• STUDY MATERIAL:
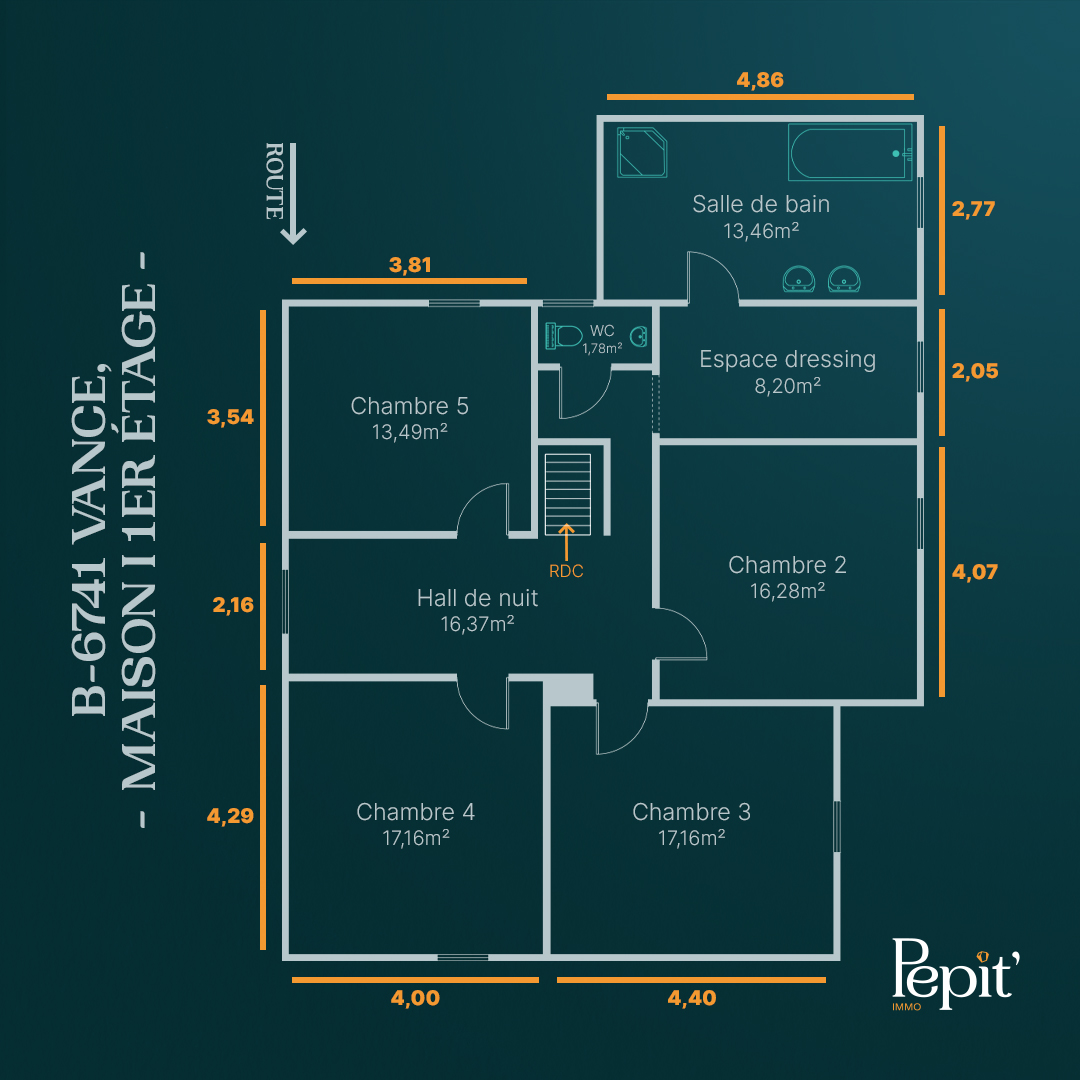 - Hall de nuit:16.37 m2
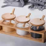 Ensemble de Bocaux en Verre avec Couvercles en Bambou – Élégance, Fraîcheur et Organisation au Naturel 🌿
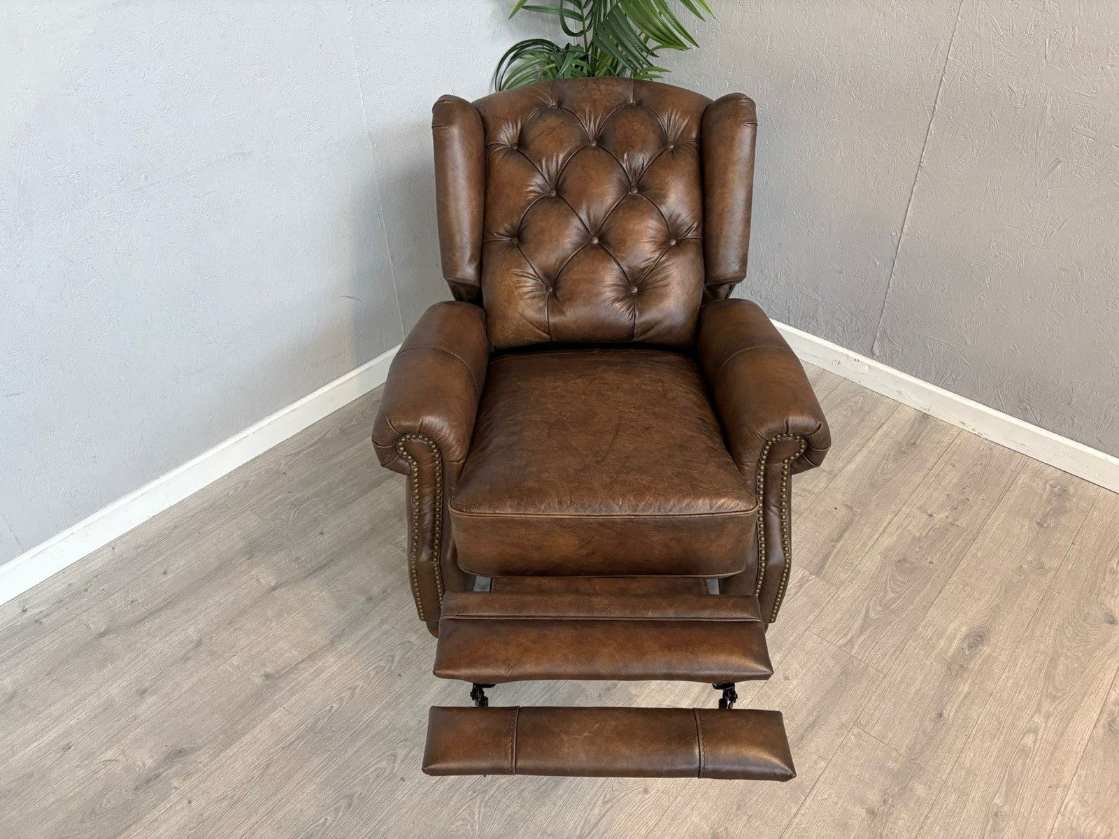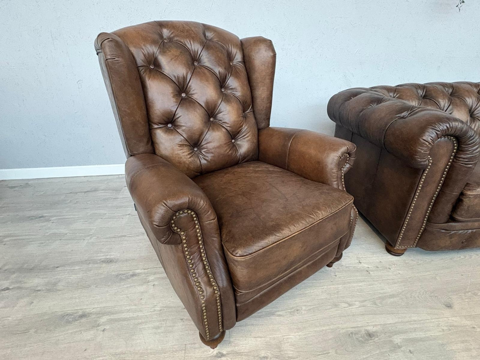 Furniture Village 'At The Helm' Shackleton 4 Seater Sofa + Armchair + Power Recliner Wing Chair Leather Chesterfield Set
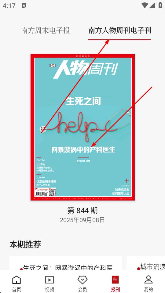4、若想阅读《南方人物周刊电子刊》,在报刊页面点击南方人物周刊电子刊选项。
---
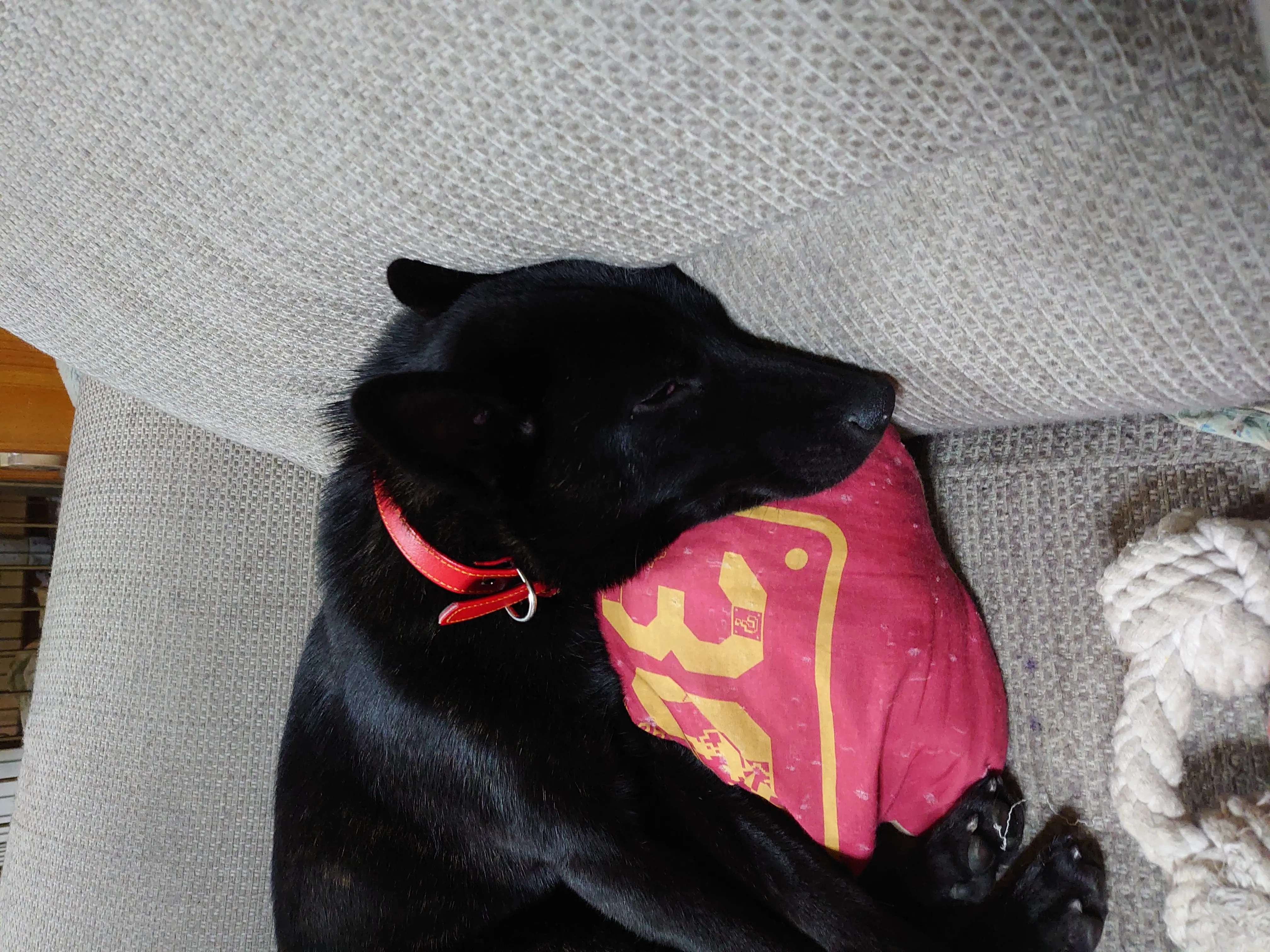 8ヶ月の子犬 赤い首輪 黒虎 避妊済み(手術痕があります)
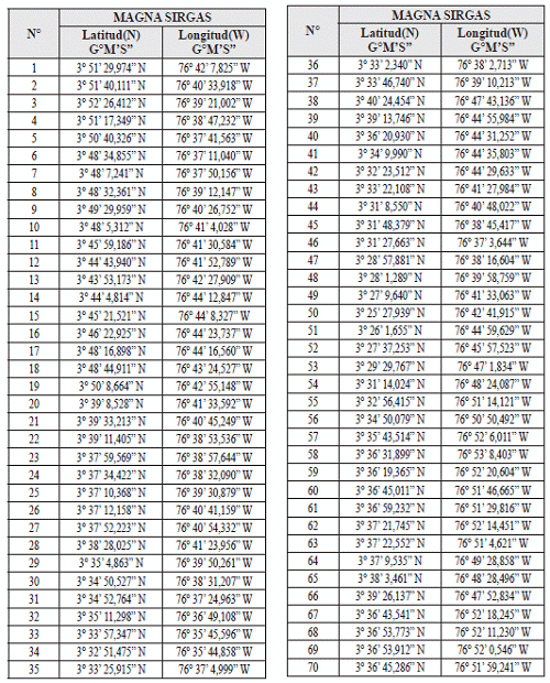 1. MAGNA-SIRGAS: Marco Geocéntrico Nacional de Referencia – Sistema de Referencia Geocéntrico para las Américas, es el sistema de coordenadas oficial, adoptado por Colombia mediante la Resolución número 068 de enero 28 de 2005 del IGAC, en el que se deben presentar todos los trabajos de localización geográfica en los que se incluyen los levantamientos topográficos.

• EXERCISE:
In the listing above, find the line with "Furniture Village 'At" and the line with "4、若想阅读《南方人物周刊电子刊》,在报刊页面点击南方人物周刊电子刊选项。". Set down both and every line between them, minus the pictures.

• OUTPUT:
 Furniture Village 'At The Helm' Shackleton 4 Seater Sofa + Armchair + Power Recliner Wing Chair Leather Chesterfield Set
4、若想阅读《南方人物周刊电子刊》,在报刊页面点击南方人物周刊电子刊选项。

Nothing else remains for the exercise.